### THE TASK
Below are the records; extract from them the line containing "(서울=포커스뉴스) 정세균 국회의장이" to the line containing "This small breviary, composed", both lines included, exactly and with no pictures.

### INFORMATION
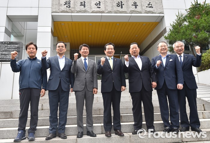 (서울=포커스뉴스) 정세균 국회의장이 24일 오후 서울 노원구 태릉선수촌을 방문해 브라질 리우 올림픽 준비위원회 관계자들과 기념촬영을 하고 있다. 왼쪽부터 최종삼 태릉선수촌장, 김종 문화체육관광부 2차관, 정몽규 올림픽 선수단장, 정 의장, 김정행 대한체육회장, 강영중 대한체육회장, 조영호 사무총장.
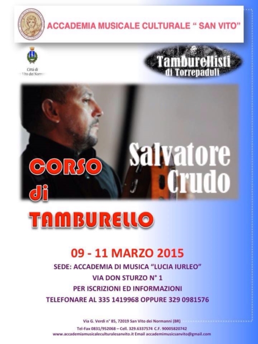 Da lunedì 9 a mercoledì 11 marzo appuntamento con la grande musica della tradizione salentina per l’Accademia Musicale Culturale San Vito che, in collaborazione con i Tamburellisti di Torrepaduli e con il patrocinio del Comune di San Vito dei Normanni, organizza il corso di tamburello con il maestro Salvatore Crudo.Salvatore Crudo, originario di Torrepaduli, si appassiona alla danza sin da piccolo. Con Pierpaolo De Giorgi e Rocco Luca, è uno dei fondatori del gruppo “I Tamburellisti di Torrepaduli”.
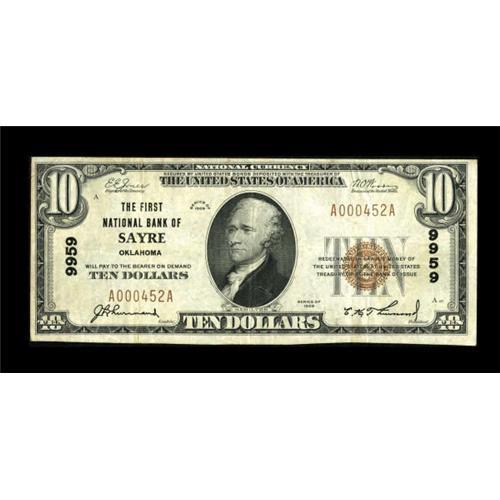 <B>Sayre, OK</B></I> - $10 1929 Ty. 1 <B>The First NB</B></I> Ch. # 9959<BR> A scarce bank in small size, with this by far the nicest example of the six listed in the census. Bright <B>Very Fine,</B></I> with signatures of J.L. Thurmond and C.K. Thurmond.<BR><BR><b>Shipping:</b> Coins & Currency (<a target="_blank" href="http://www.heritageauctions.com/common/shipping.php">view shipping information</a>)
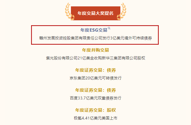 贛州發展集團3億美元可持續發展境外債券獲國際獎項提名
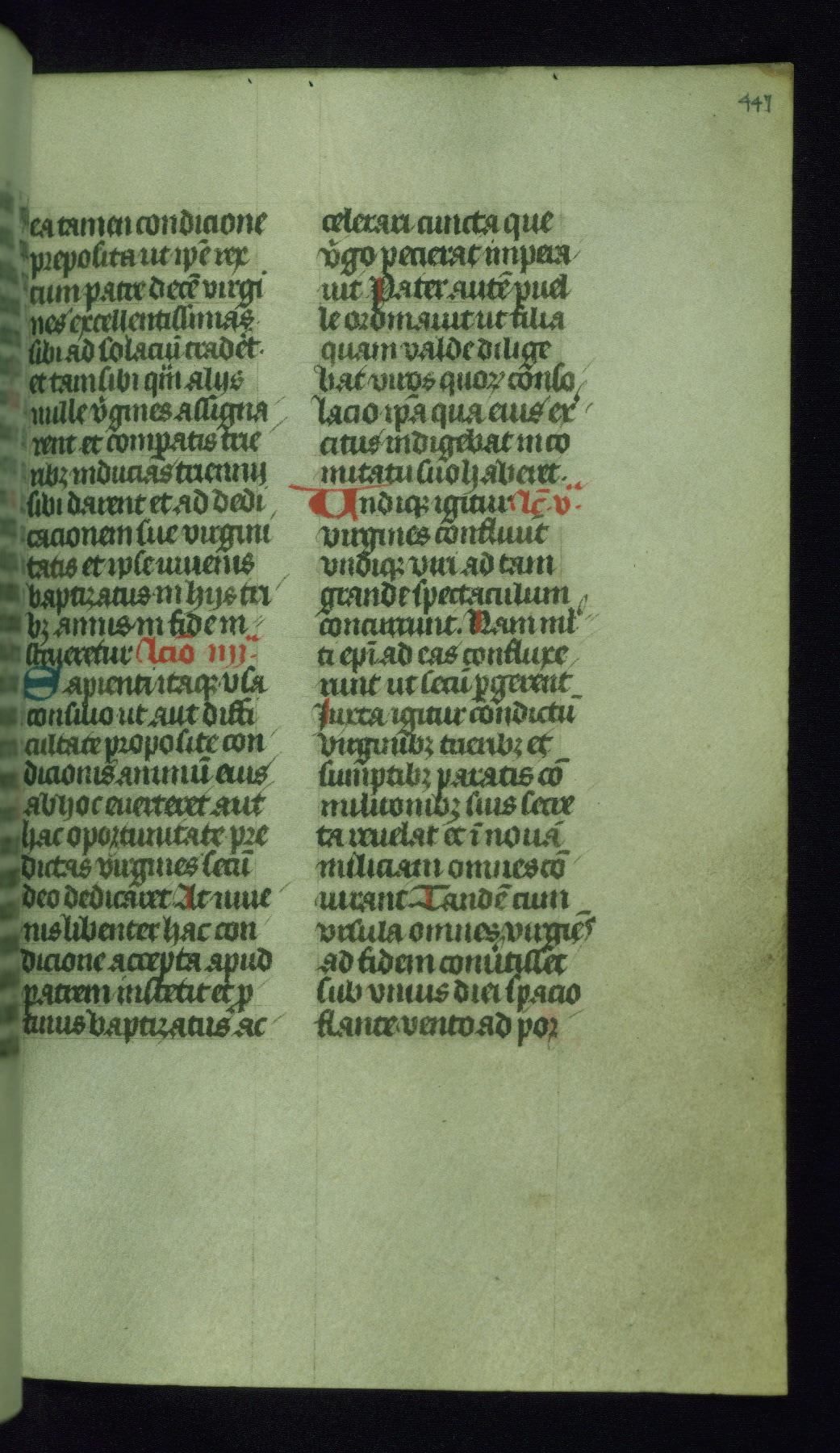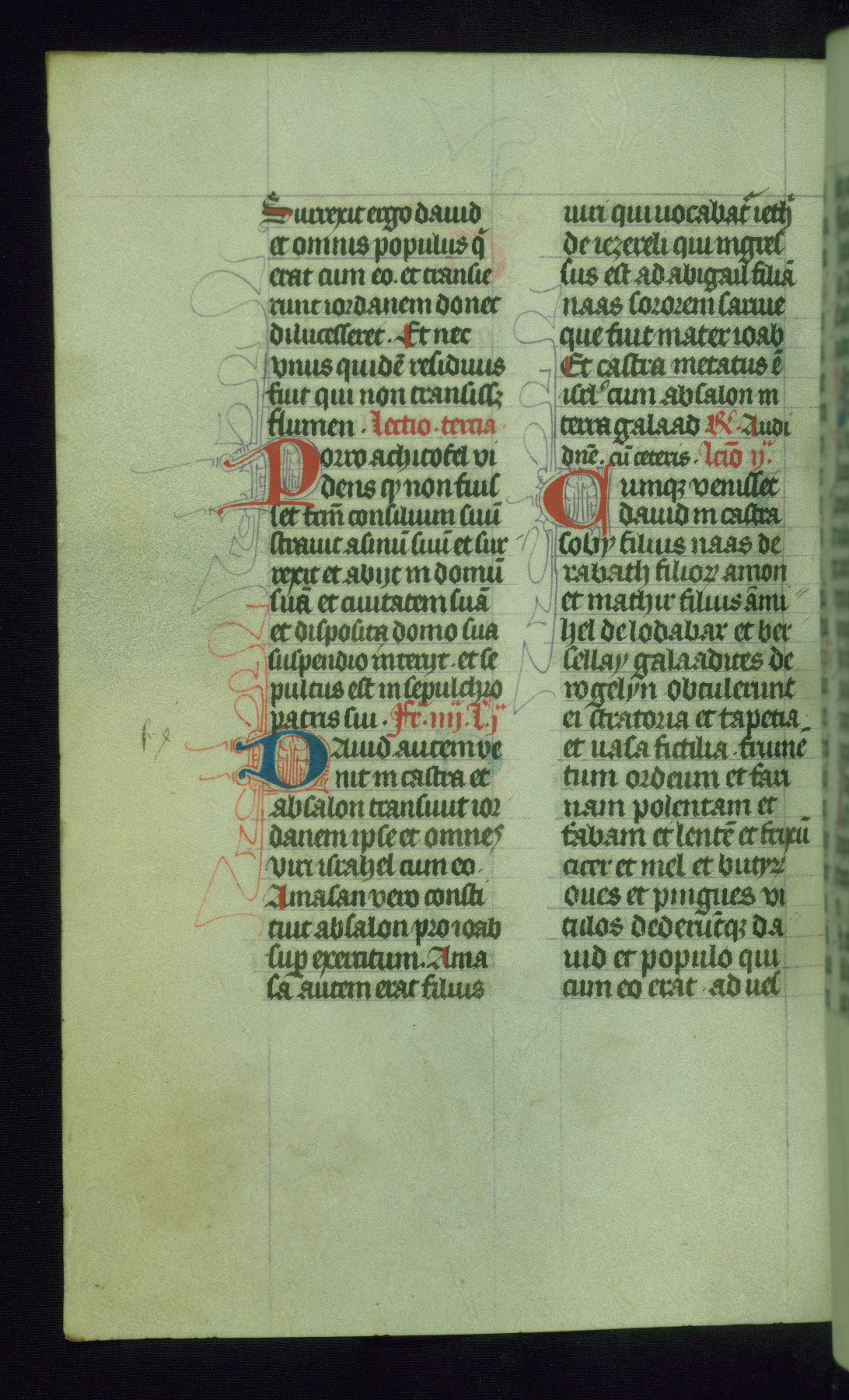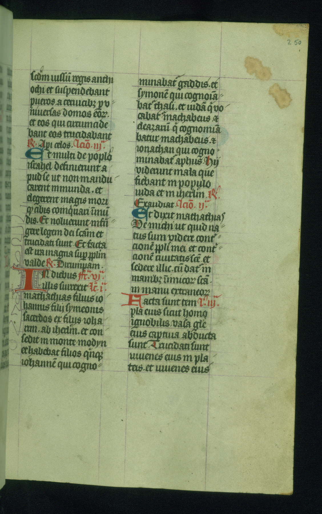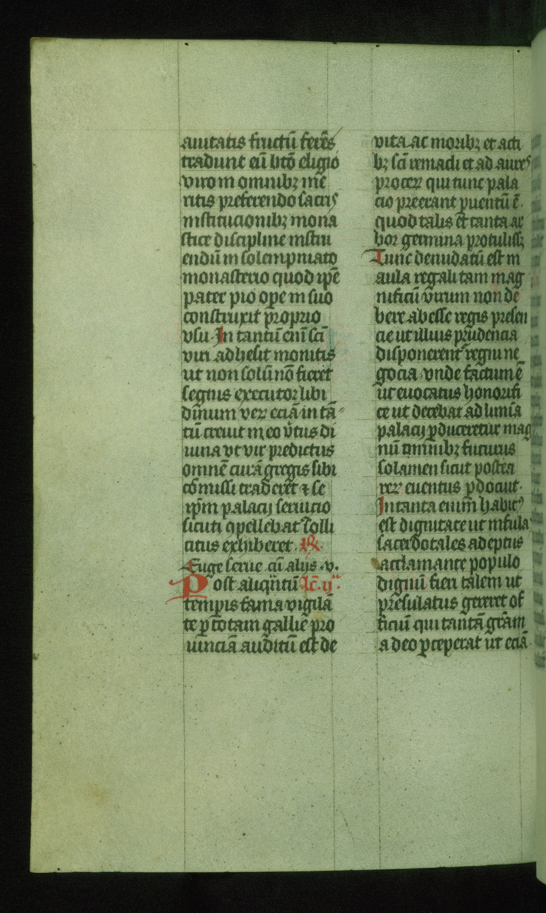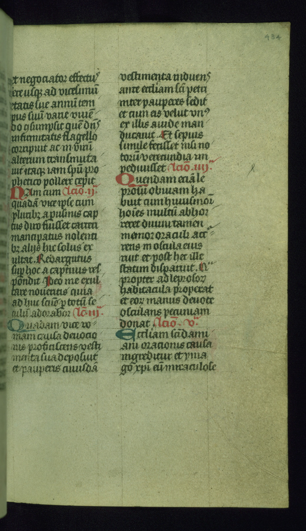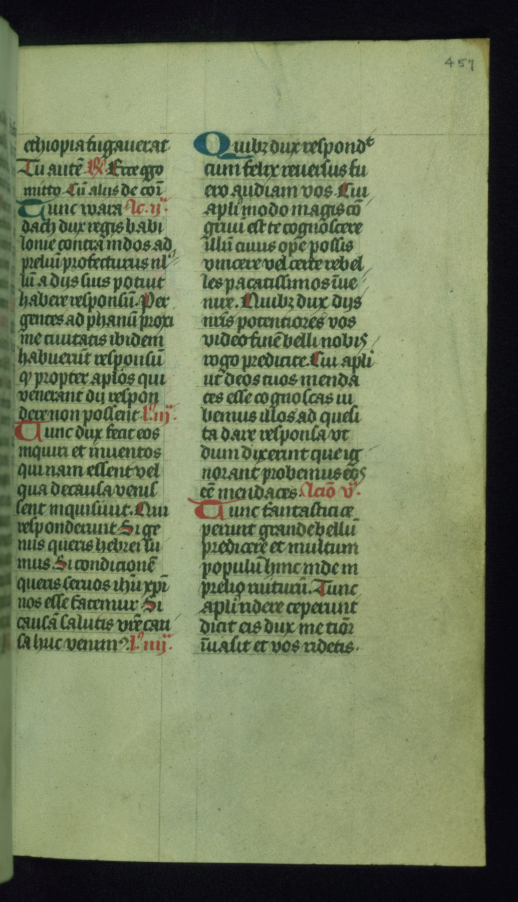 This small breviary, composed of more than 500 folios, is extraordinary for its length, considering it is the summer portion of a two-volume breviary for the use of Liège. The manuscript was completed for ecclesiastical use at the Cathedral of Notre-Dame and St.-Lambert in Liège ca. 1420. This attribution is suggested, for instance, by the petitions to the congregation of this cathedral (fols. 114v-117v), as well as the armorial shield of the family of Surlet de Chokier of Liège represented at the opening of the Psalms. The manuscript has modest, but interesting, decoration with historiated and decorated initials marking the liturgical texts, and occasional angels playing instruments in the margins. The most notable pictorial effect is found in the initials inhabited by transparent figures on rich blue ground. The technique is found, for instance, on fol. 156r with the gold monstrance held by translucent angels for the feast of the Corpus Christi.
==
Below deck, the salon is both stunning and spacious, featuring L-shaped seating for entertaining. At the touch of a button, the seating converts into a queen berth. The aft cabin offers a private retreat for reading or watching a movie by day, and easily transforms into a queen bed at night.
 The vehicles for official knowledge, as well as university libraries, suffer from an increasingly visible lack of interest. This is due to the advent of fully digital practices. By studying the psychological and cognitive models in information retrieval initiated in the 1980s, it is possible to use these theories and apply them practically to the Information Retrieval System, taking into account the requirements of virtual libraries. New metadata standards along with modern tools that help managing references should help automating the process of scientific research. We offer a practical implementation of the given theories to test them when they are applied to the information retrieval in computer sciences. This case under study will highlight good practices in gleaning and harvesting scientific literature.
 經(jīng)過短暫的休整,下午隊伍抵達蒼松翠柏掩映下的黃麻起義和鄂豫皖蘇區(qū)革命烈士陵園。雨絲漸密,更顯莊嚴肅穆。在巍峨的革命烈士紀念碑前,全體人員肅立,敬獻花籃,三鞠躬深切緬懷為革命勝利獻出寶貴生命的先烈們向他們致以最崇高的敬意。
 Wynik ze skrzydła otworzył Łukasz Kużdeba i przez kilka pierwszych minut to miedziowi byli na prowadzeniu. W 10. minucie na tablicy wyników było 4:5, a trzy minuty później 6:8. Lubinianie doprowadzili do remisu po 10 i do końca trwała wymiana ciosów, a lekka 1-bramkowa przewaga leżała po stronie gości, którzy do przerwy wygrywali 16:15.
---
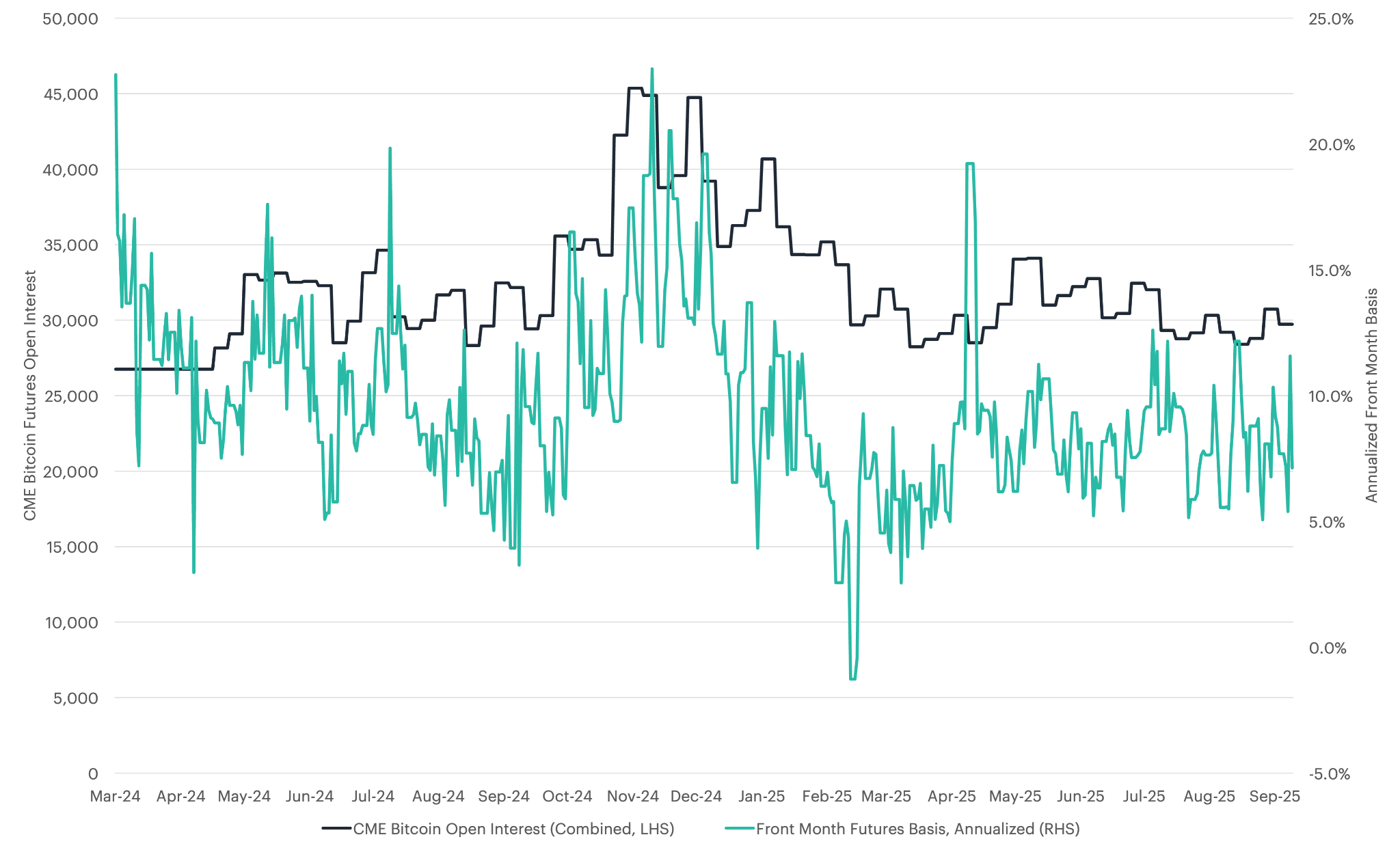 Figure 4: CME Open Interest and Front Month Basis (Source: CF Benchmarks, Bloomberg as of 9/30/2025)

### FINAL ANSWER
 (서울=포커스뉴스) 정세균 국회의장이 24일 오후 서울 노원구 태릉선수촌을 방문해 브라질 리우 올림픽 준비위원회 관계자들과 기념촬영을 하고 있다. 왼쪽부터 최종삼 태릉선수촌장, 김종 문화체육관광부 2차관, 정몽규 올림픽 선수단장, 정 의장, 김정행 대한체육회장, 강영중 대한체육회장, 조영호 사무총장.
 Da lunedì 9 a mercoledì 11 marzo appuntamento con la grande musica della tradizione salentina per l’Accademia Musicale Culturale San Vito che, in collaborazione con i Tamburellisti di Torrepaduli e con il patrocinio del Comune di San Vito dei Normanni, organizza il corso di tamburello con il maestro Salvatore Crudo.Salvatore Crudo, originario di Torrepaduli, si appassiona alla danza sin da piccolo. Con Pierpaolo De Giorgi e Rocco Luca, è uno dei fondatori del gruppo “I Tamburellisti di Torrepaduli”.
 <B>Sayre, OK</B></I> - $10 1929 Ty. 1 <B>The First NB</B></I> Ch. # 9959<BR> A scarce bank in small size, with this by far the nicest example of the six listed in the census. Bright <B>Very Fine,</B></I> with signatures of J.L. Thurmond and C.K. Thurmond.<BR><BR><b>Shipping:</b> Coins & Currency (<a target="_blank" href="http://www.heritageauctions.com/common/shipping.php">view shipping information</a>)
 贛州發展集團3億美元可持續發展境外債券獲國際獎項提名
 This small breviary, composed of more than 500 folios, is extraordinary for its length, considering it is the summer portion of a two-volume breviary for the use of Liège. The manuscript was completed for ecclesiastical use at the Cathedral of Notre-Dame and St.-Lambert in Liège ca. 1420. This attribution is suggested, for instance, by the petitions to the congregation of this cathedral (fols. 114v-117v), as well as the armorial shield of the family of Surlet de Chokier of Liège represented at the opening of the Psalms. The manuscript has modest, but interesting, decoration with historiated and decorated initials marking the liturgical texts, and occasional angels playing instruments in the margins. The most notable pictorial effect is found in the initials inhabited by transparent figures on rich blue ground. The technique is found, for instance, on fol. 156r with the gold monstrance held by translucent angels for the feast of the Corpus Christi.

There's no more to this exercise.